On nous a appris à nous inquiéter des idiots au pouvoir. C'est la mauvaise peur.

Les systèmes brisés ne survivent pas faute de gens assez lucides pour les démasquer. Ils survivent parce que ceux qui sont le mieux placés pour les exposer sont précisément ceux qui sont le plus récompensés pour les maintenir intacts.

Le danger n'est pas le manque d'intelligence, mais une intelligence lentement achetée — par les incitatifs, le statut, et le confort discret de l'appartenance institutionnelle. Cela inclut, il faut l'admettre, l'intelligence de celui qui formule cet argument.

L'intelligence n'est pas l'indépendance

Il existe une histoire flatteuse que l'on se raconte sur les gens intelligents : qu'ils seraient plus rationnels, moins biaisés, plus habiles à suivre les preuves là où elles mènent. C'est en grande partie faux.

Ce que l'intelligence élevée vous offre réellement, c'est un meilleur kit de rationalisation. Un homme peu brillant défendra une institution défaillante avec une loyauté de slogan.

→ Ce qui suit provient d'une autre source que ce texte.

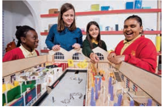
圖 13 與兒童協作的參與式工作坊 Children's Forum co-design workshop activity, mapping display spaces (pre closure, 2018)

臺。 13 由當地 8 ~ 14 歲中小學兒童，與建築師經由多次會議的反覆討論，以典藏品為探究觸媒 (Object-based enquiry)，開發展示主題及陳設手法的原型。(圖 13) 兒童一開始所提的想法不一定可行，通常需要經過一段歷程的精修。鼓勵兒童參與並貢獻創意與想法，從中認識與學習「博物館製作」的方法，也經由參與這些設計背後的过程，逐漸體會並培養創造能力。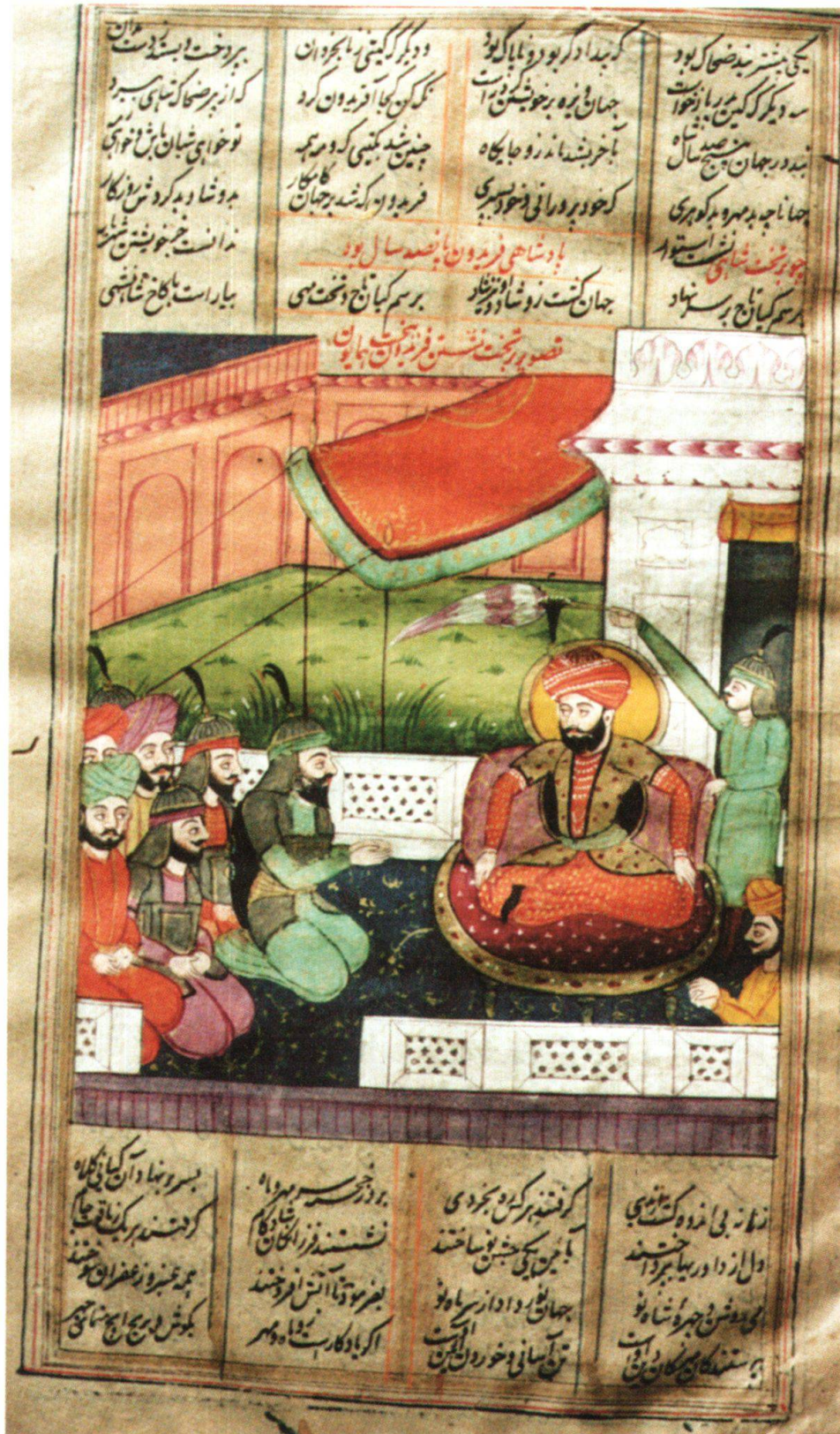
Fig. 6: Fereydūn sur le trône de la fortune. Inde, 1830–1840, Ferdōsī, Šāhnāme , Berne, MHB, cote: M.B. 19, fol. 13r.

Un homme brillant la défendra avec des régressions, des citations, et le vocabulaire emprunté à la tradition intellectuelle que son institution a colonisée.

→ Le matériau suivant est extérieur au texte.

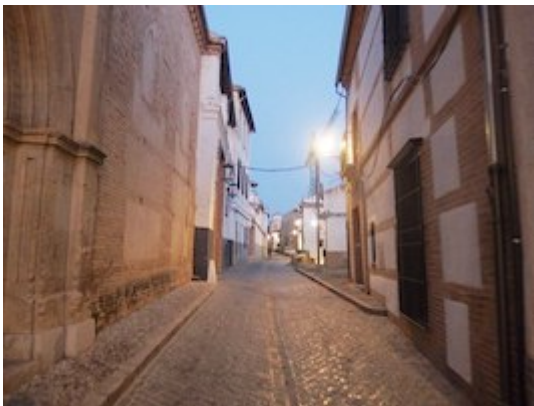
San Juan de los Reyes street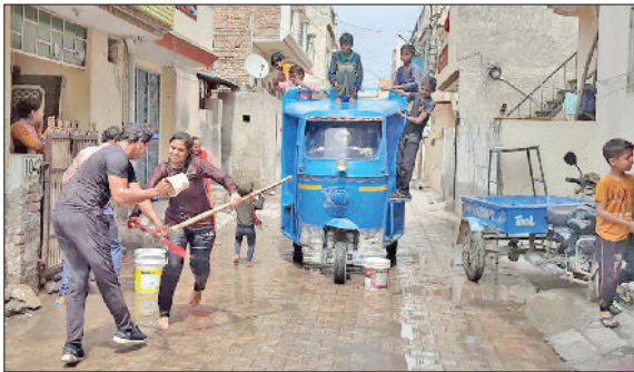
जौड़। होली पर्व पर कोरडे मारती हुई महिला।

गुलाल के बहाने प्यार को बढ़ावा देने वाला तथा अधर्म पर धर्म की जीत का दुल्हंडी पर्व सोमवार को जिलेभर में धूमधाम से मनाया गया। फॉर्ग पर्व पर मारपीट की छुट्टम घटनाओं को छोड़ दिया जाए तो त्योहार शांतिपूर्ण रहा व दो दर्जन से अधिक लोग घायल हुए वहीं सड़कों पर फर्फटा भरते हुए सड़क हादसों में भी एक दर्जन से ज्यादा घायल हुए। हालांकि शांतिपूर्वक तरीके से मने, इसके लिए पुलिस पीसीआर शहर के साथ-साथ क्षेत्रभर में गश्त करती नजर आई। दिनभर लोग एक दूसरे पर रंग-गुलाल-अबीर डाल कर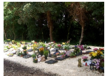
Algemene graven (Holy)

Verlenging van de termijn van particuliere (urnen)graven en -nissen is mogelijk.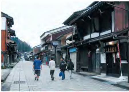
「日本の道百選」に選ばれた諏訪町本通り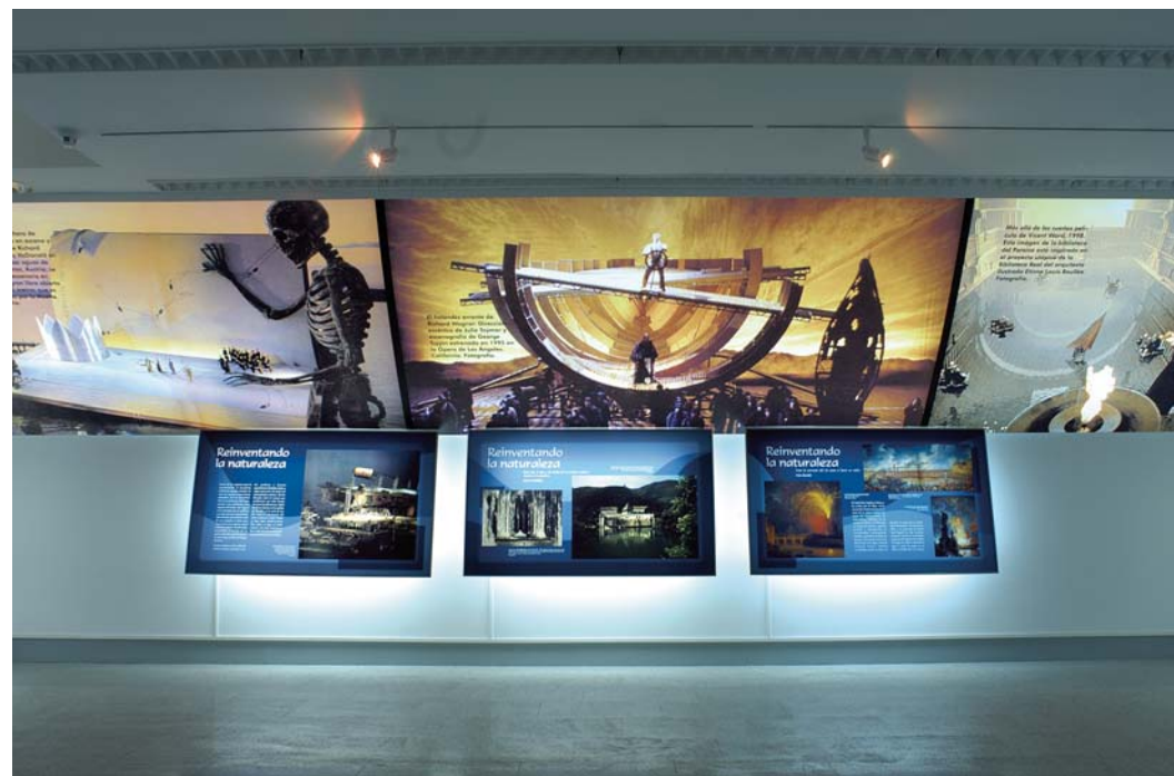
Diseño de ideograma para la Fundación Canal

Les travaux de Jonathan Haidt rendent le mécanisme évident : le raisonnement moral et politique est presque toujours post-hoc. Nous arrivons d'abord à une conclusion — par intérêt personnel, par identité, par qui signe nos chèques — puis nous construisons les arguments pour la justifier. Plus vous êtes intelligent, plus ces arguments deviennent convaincants. Mais la conclusion était souvent déjà arrêtée avant que le raisonnement ne commence.

Cela ne signifie pas que les gens intelligents ont toujours tort. Cela signifie que la corrélation entre intelligence et loyauté institutionnelle est bien plus forte que la plupart des gens intelligents ne voudraient l'admettre.

Le credentialisme se défend lui-même

Regardez qui se bat le plus farouchement pour défendre les systèmes de diplômes et de certifications : ceux qui sont à l'intérieur. Ce n'est pas un réquisitoire total. Les titres peuvent parfois refléter une compétence réelle. Un chirurgien certifié est, en moyenne, meilleur qu'un non-certifié. Les travaux de Joseph Stiglitz sur les asymétries d'information offrent l'argument intellectuel le plus solide en faveur de la certification : dans les marchés où les acheteurs ne peuvent pas évaluer directement la qualité, certifier peut effectivement améliorer les résultats. Cet argument mérite le respect.

Mais le propre cadre de Stiglitz, suivi honnêtement, prédit aussi le problème de capture. Quand l'organisme de certification est contrôlé par les certifiés, quand les titulaires fixent eux-mêmes les règles de la licence, le système se corrompt. Il cesse de mesurer la compétence et commence à mesurer la conformité à ceux qui gardent la porte.

L'Institute for Justice a documenté que les licences professionnelles couvrent aujourd'hui environ un quart des travailleurs américains, contre 5 % dans les années 1950. Cette expansion n'a pas correspondu à une hausse identifiable des torts causés aux consommateurs par des praticiens non licenciés. Elle a correspondu, avec une remarquable régularité, au pouvoir de lobbying des professionnels en place. Stiglitz nous a donné la théorie expliquant pourquoi la certification peut fonctionner. Les données montrent ce qu'elle devient, le plus souvent.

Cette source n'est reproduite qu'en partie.